== Recorded data ==

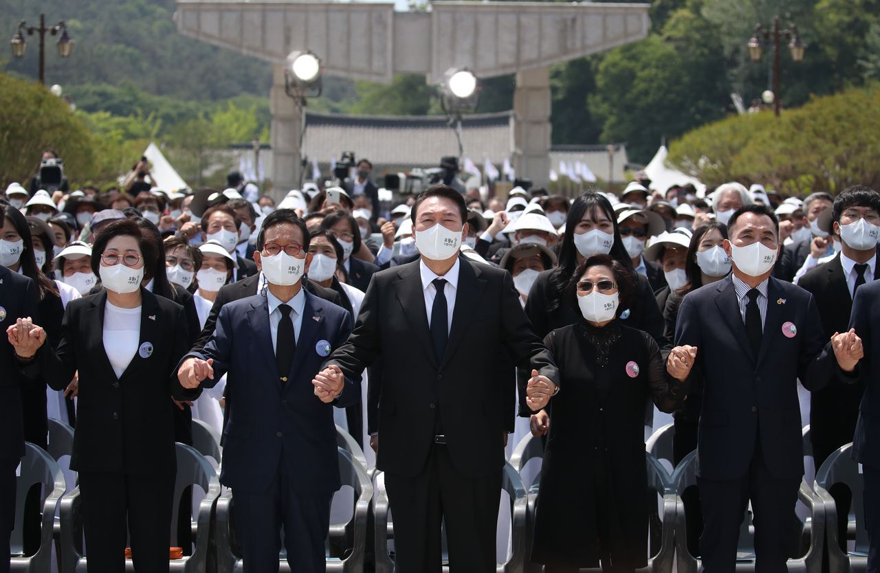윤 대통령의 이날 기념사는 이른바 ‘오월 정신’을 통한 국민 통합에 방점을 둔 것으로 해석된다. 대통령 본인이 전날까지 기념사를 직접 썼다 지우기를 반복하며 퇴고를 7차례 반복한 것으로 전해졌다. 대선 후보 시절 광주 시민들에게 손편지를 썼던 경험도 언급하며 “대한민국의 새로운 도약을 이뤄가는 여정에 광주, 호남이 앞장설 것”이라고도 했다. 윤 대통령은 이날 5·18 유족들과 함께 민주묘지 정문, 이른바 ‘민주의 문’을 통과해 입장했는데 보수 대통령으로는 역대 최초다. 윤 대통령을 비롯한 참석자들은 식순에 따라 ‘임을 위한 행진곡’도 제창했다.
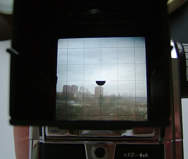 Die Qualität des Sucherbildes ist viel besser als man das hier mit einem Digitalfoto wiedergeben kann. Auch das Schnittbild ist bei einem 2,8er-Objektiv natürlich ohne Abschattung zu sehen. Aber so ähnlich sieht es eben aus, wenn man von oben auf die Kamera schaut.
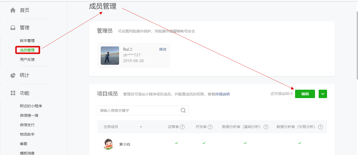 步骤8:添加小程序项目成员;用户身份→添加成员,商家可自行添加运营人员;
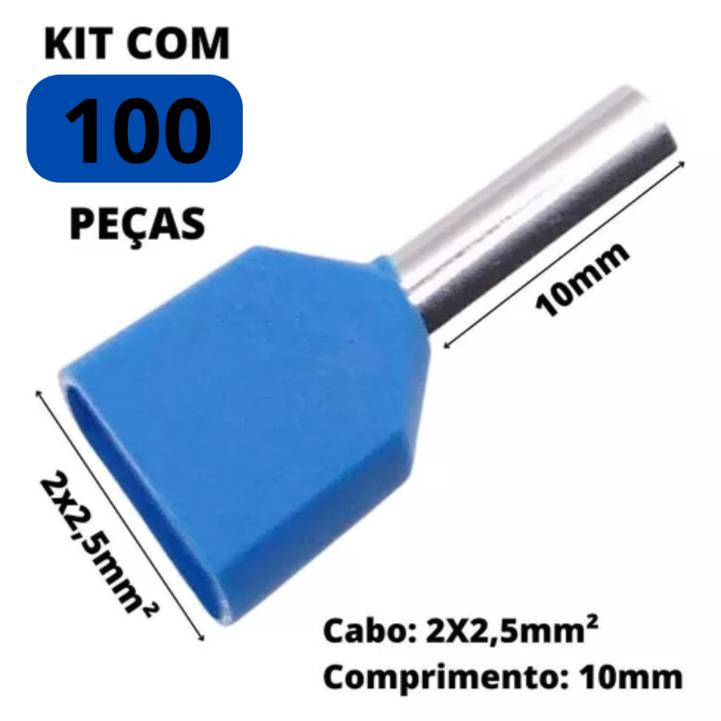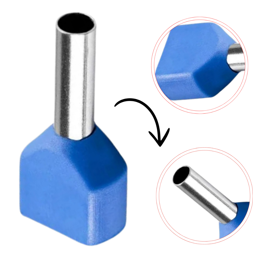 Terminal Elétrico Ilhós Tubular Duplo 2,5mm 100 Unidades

===

Exercise directions — Leave out all pictures, then copy the remaining material exactly.

Solved exercise —
윤 대통령의 이날 기념사는 이른바 ‘오월 정신’을 통한 국민 통합에 방점을 둔 것으로 해석된다. 대통령 본인이 전날까지 기념사를 직접 썼다 지우기를 반복하며 퇴고를 7차례 반복한 것으로 전해졌다. 대선 후보 시절 광주 시민들에게 손편지를 썼던 경험도 언급하며 “대한민국의 새로운 도약을 이뤄가는 여정에 광주, 호남이 앞장설 것”이라고도 했다. 윤 대통령은 이날 5·18 유족들과 함께 민주묘지 정문, 이른바 ‘민주의 문’을 통과해 입장했는데 보수 대통령으로는 역대 최초다. 윤 대통령을 비롯한 참석자들은 식순에 따라 ‘임을 위한 행진곡’도 제창했다.
 Die Qualität des Sucherbildes ist viel besser als man das hier mit einem Digitalfoto wiedergeben kann. Auch das Schnittbild ist bei einem 2,8er-Objektiv natürlich ohne Abschattung zu sehen. Aber so ähnlich sieht es eben aus, wenn man von oben auf die Kamera schaut.
 步骤8:添加小程序项目成员;用户身份→添加成员,商家可自行添加运营人员;
 Terminal Elétrico Ilhós Tubular Duplo 2,5mm 100 Unidades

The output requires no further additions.